Transcribe the listing in full, excluding any pictures.

● ● ● ● ● ● ●

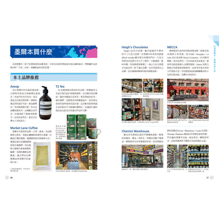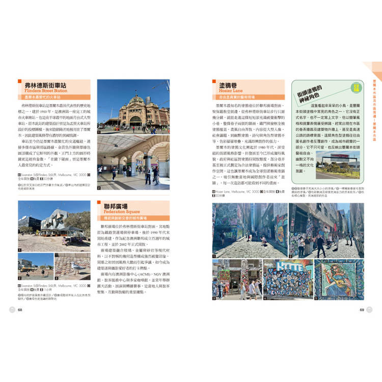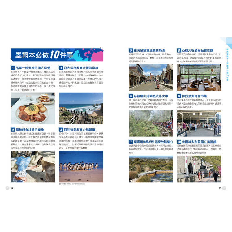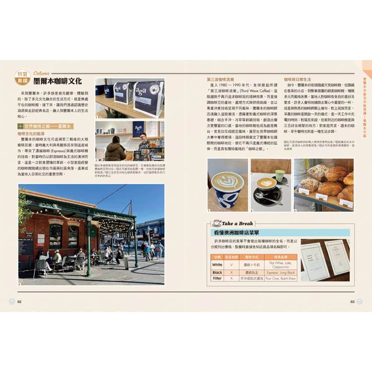 除了景點介紹,本書更深入挖掘澳洲的文化底蘊。作者以在澳洲多年求學、就業、生活,甚至移居的視角書寫,透過「深度專欄」帶你了解墨爾本最引以為傲的咖啡文化、熱血的澳網賽事、親子友善風氣,以及各種獨特的野生動物、市集文化指南,提升旅程的樂趣。
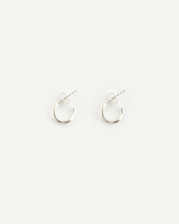 Kolczyki na sztyfice wykonane ze srebra próby 925 w kształcie nieregularnej fali, dostępne w 3 rozmiarach: petite 7mm, small 9 mm, medium 11mm.
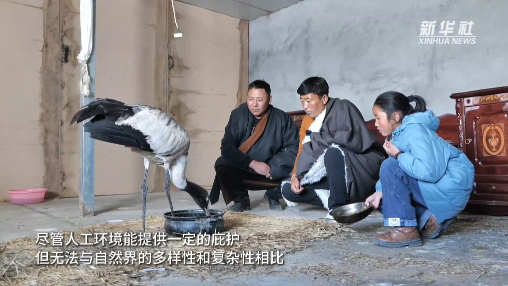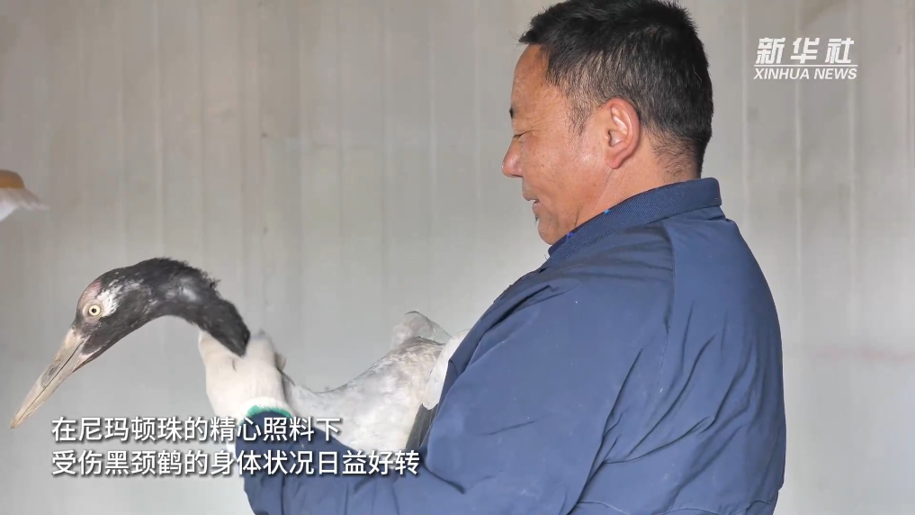 黑頸鶴是一種大型涉禽,依賴廣闊的天空和豐饒的濕地生存。盡管人工環(huán)境能提供一定的庇護(hù),但無法與自然界的多樣性和復(fù)雜性相比。在尼瑪頓珠的精心照料下,受傷黑頸鶴的身體狀況日益改善。隨著遷徙季節(jié)的臨近,尼瑪頓珠決定將其放回自然棲息地。
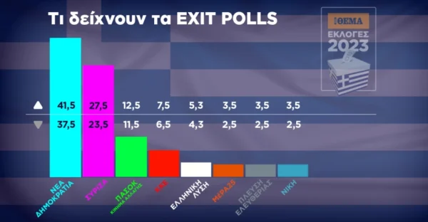Θρίαμβο της ΝΔ, με προβάδισμα που φτάνει τις 14 μονάδες έναντι του ΣΥΡΙΖΑ, καταγράφεται από την επεξεργασία του 100% των στοιχείων των exit polls.
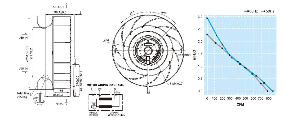 UF250APA11H1C2A離心風扇臺灣福佑伺服電機散熱風扇充電樁外轉子
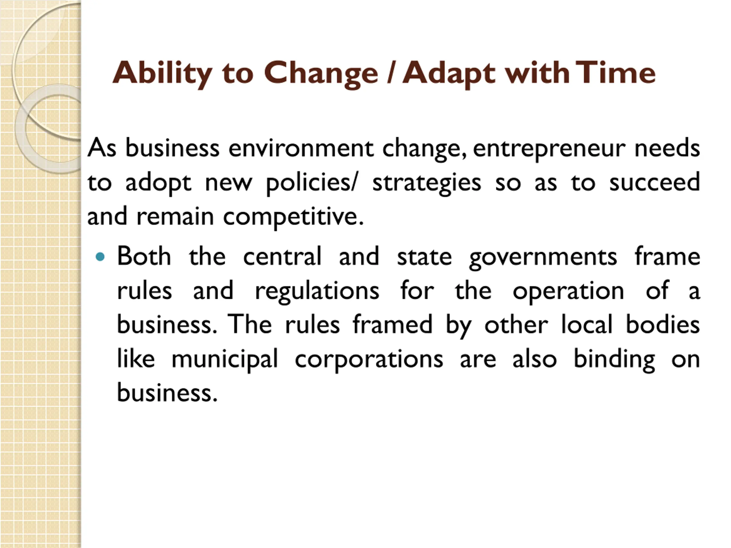 Ability to Change / Adapt with Time As business environment change,entrepreneur needs to adopt new policies/ strategies so as to succeed and remain competitive. Both the central and state governments frame rules and regulations for the operation of a business. The rules framed by other local bodies like municipal corporations are also binding on business.

● ● ● ● ● ● ●

Output for this exercise:
 除了景點介紹,本書更深入挖掘澳洲的文化底蘊。作者以在澳洲多年求學、就業、生活,甚至移居的視角書寫,透過「深度專欄」帶你了解墨爾本最引以為傲的咖啡文化、熱血的澳網賽事、親子友善風氣,以及各種獨特的野生動物、市集文化指南,提升旅程的樂趣。
 Kolczyki na sztyfice wykonane ze srebra próby 925 w kształcie nieregularnej fali, dostępne w 3 rozmiarach: petite 7mm, small 9 mm, medium 11mm.
 黑頸鶴是一種大型涉禽,依賴廣闊的天空和豐饒的濕地生存。盡管人工環(huán)境能提供一定的庇護(hù),但無法與自然界的多樣性和復(fù)雜性相比。在尼瑪頓珠的精心照料下,受傷黑頸鶴的身體狀況日益改善。隨著遷徙季節(jié)的臨近,尼瑪頓珠決定將其放回自然棲息地。
Θρίαμβο της ΝΔ, με προβάδισμα που φτάνει τις 14 μονάδες έναντι του ΣΥΡΙΖΑ, καταγράφεται από την επεξεργασία του 100% των στοιχείων των exit polls.
 UF250APA11H1C2A離心風扇臺灣福佑伺服電機散熱風扇充電樁外轉子
 Ability to Change / Adapt with Time As business environment change,entrepreneur needs to adopt new policies/ strategies so as to succeed and remain competitive. Both the central and state governments frame rules and regulations for the operation of a business. The rules framed by other local bodies like municipal corporations are also binding on business.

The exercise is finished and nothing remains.